AstraZeneca PLC (NASDAQ:AZN) is a biopharmaceutical company, which is focused on the discovery, development, manufacture, and commercialization of prescription medicines. Leerink Partners analyst Andrew Berens maintained a bullish stance on the company’s stock, providing a “Buy” rating on February 10. The analyst’s rating is backed by a combination of factors affecting the company’s strategic position and market potential. As per the analyst, the acquisition of FibroGen China by AstraZeneca PLC (NASDAQ:AZN) is critical, enabling it to secure full ownership of roxadustat in China.

The move consolidates AstraZeneca PLC (NASDAQ:AZN)’s market dominance in China and aligns with its global expansion strategy. Apart from this, the deal is projected to offer it with a significant revenue stream. Therefore, a range of strategic initiatives continue to support AstraZeneca PLC (NASDAQ:AZN)’s focus on strengthening market leadership and maximizing shareholder value, added the analyst. Elsewhere, Bank of America Securities analyst Sachin Jain maintained a “Buy” rating on the company’s stock. The positive high-level results from a planned interim analysis of the SERENA-6 Phase III trial showed that AstraZeneca PLC (NASDAQ:AZN)’s camizestrant in combination with a cyclin-dependent kinase (CDK) 4/6 inhibitor (palbociclib, ribociclib or abemaciclib) showcased a highly statistically significant and clinically meaningful improvement in the primary endpoint of progression-free survival (PFS).

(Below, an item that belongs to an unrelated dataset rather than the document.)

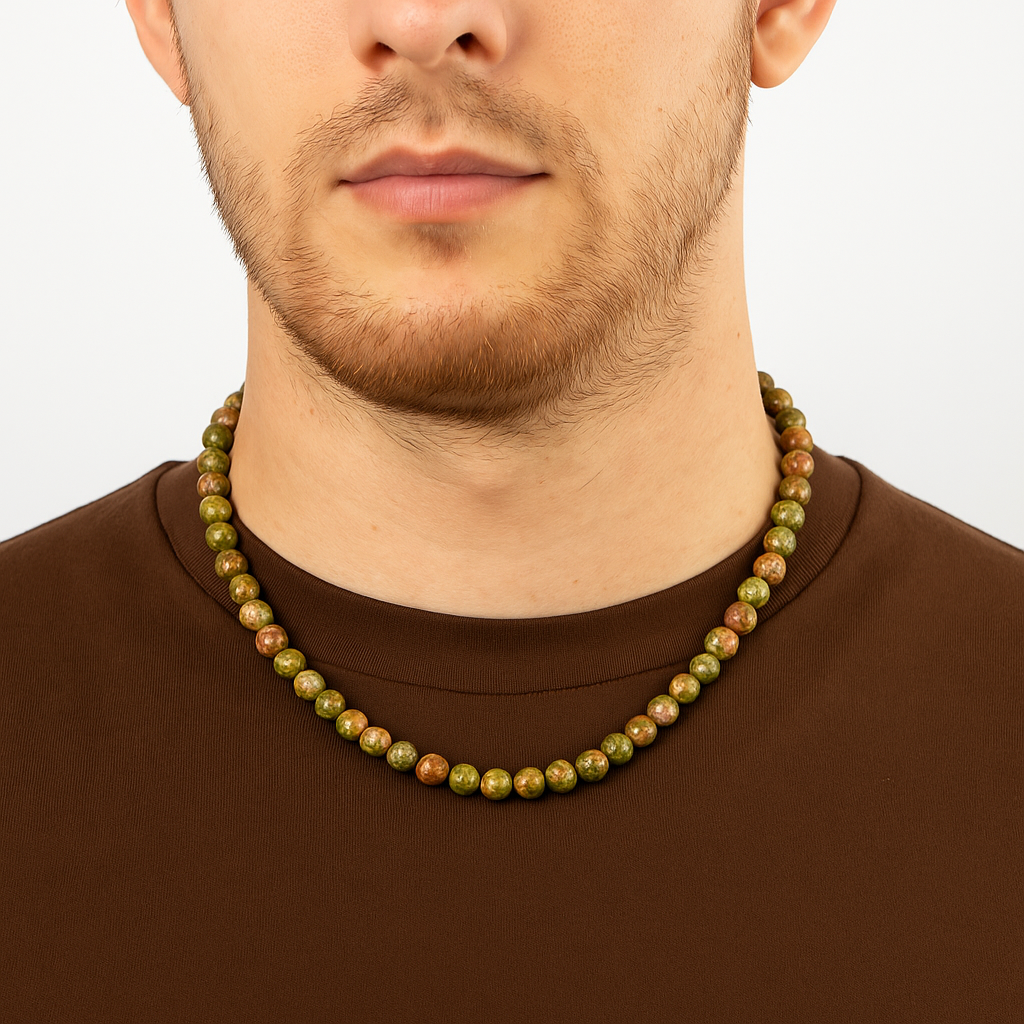 Pirtash kalitesiyle unakit taşının doğal renk dengesini ve özgün yapısını boynunuzda taşıyın.

Baron Funds, an investment management company, released its Q4 2024 investor letter. Here is what the fund said:

“Poor performance from AstraZeneca PLC (NASDAQ:AZN) also factored into the underperformance in pharmaceuticals. The company is currently dealing with several ongoing investigations into employees in its China business. We believe shares are undervalued relative to what remains an attractive long-term growth outlook driven by indication expansion for current products (Tagrisso and Enhertu) as well as a range of pipeline assets.”

8. The Cigna Group (NYSE:CI)

Forward P/E as on February 28: ~10.4x

10-Year Sales Growth: ~21.6%

Number of Hedge Fund Holders: 72

The Cigna Group (NYSE:CI) offers insurance and related products and services. Erin Wright, an analyst from Morgan Stanley, gave a “Buy” rating on the company’s stock with a price target of $379.00. The rating is supported by a combination of factors highlighting the potential growth and resilience in its operations. The expectation of a margin improvement in Cigna Healthcare, mainly expected in 2026 with some advances in 2025, aids the analyst’s rating. Furthermore, the analyst also highlighted The Cigna Group (NYSE:CI)’s projected EPS growth and the strategic divestment of Medicare businesses, which can contribute positively to the company’s financial health. Collectively, such factors exhibit a strong potential for long-term value creation, justifying the optimistic outlook.

The Cigna Group (NYSE:CI)’s robust presence in the pharmacy benefit management (PBM) and specialty drug segments places it well for future growth. With healthcare costs continuing to rise, PBMs continue to play a critical role in managing drug spending for employers and health plans. The company’s Evernorth segment, which includes its PBM services, has been reflecting strength and can act as a critical driver of revenue and profit growth. The specialty drug market continues to witness rapid expansion as a result of advancements in biotechnology and treatment of complex conditions. Therefore, The Cigna Group (NYSE:CI)’s expertise in this area can enable it to capitalize on the trend toward personalized and increased-cost therapies.